Over the last few years, investors have bid up prices of some stocks to historical valuations. Many of these investors are speculating on price and have little appreciation of underlying fundamentals. Microsoft’s historic stock valuation in the late 90s can teach us valuable lessons about the difference between speculating and adhering to a fundamental framework.

Today we see Tesla (TSLA) shareholders, as an example, believing they are getting in on the rookie year of the next 18-year-old Hank Aaron. Given what they believe is massive upside, they harbor little concern about today’s prices or valuations. For those investors blind to valuations and playing the hot hand, we wish you luck. But, for the rest of you, we look back at a young Microsoft (MSFT), the Babe Ruth of the equity market. Microsoft’s stock valuation in the late 1990s can teach us a valuable lesson about managing money in times of extreme valuations.

People who run ball clubs think in terms of buying players. Your goal isn’t to buy players. Your goal is to buy wins” – Moneyball

Microsoft

Bill Gates and Paul Allen founded Microsoft in a garage over 45 years ago. In 1987, the stock went public, ultimately making its initial investors fortunes. A $1,000 investment in MSFT in 1987 is now worth over $1.5 million. Today MSFT has a $2.2 trillion market cap making it the second-largest American company.

Dreams of such enormous returns lead many professionals to advocate a buy-and-hold mindset on some stocks. Anyone that held MSFT for the last 35 years is brilliant. That said, a valuation-oriented approach could have vastly improved their results.

Most of us lack the time and fortitude to hold a stock for decades. Further, it is too easy to fall for the temptation of taking profits versus letting a stock reach its full potential. Regardless, even if we have time, fortitude, and will not yield to temptation, picking the next MSFT, Apple, or Amazon is exceedingly difficult.

Given the difficulties of finding and holding on to the next Micky Mantle, we prefer to heed valuations for guidance. As we will show, a valuation-oriented approach taken with Microsoft stock would yield an early investor even greater returns than the 150,000% its shares gained over the last 35 years.

Exponential Growth

MSFT’s revenue has grown by over 40,000% since 1987, yet its revenue growth rate has declined for most of the last 30 years. This is no fault of MSFT’s management.
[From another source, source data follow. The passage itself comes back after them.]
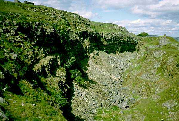 As it was a very pleasant evening, I decided to go for a walk to Gordale Scar, which is one of my favourite spectacles in this area. I called first at Janet's Foss which is almost on the way and then went on to Gordale Scar itself where I climbed up the waterfall and then up the steep scramble to the limestone plateau above. The climb up the waterfall was very easy as there was hardly any water flowing, so there was no problem about getting wet as is often the case. The huge overhanging cliffs looked just as impressive as ever and I made my way round the edge to get a view from a different angle.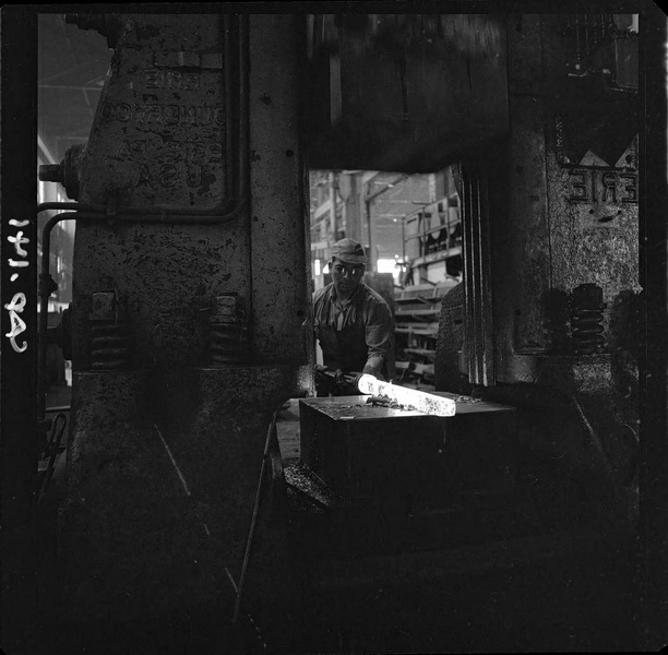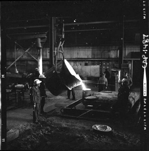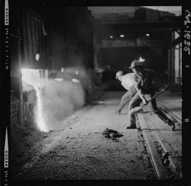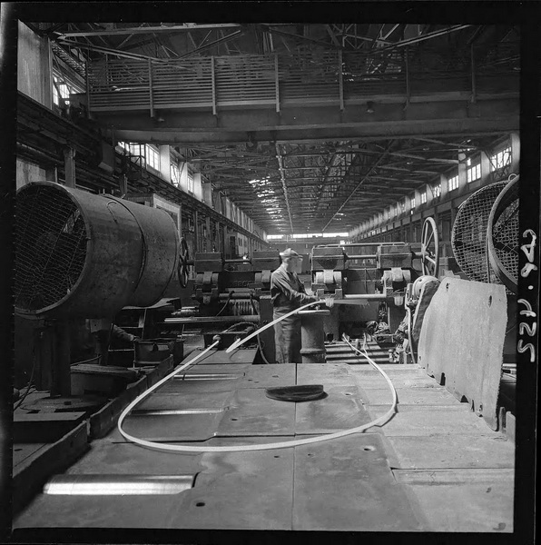 Trabajador en el proceso de laminación en la fundición de acero [fotografía] Luis Ladrón de Guevara.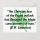 Text says: "The Christian fear of the Pagan Outlook has damaged the whole consciousness of man." D.H. Lawrence. Great t-shirt gift for Pagans, Wiccans and others who revere Nature.

Almost all companies find revenue growth decreases over time for two reasons. First, desirable products tend to saturate the market, leaving fewer buyers in the future. Second, new entrants see the product’s popularity, its potential profits, and come to market with competing products.
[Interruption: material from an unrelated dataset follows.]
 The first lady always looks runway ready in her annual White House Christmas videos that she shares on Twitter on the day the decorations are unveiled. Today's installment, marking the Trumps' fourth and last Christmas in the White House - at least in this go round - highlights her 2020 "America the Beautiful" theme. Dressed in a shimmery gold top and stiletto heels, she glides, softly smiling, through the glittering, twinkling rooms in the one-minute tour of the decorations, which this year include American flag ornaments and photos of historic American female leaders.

MSFT has a rare advantage in a limited competition for its core Office product. Even better, its customers are dependent on its software and need to buy updates regularly.

Despite its unique advantages, MSFT’s revenue growth rate consistently fell despite the rising popularity of its core product. Its growth has picked up in recent years due to cloud computing and gaming. Given the competitiveness of those endeavors, we expect growth will falter again.

msft revenue growth

Any investor that accurately foresaw Microsoft’s tremendous growth was likely blinded by how big MSFT could become. Thus, while the narrative in the late 1980s was compelling, opportunities to profit from its shares ebbed and flowed over the next forty years.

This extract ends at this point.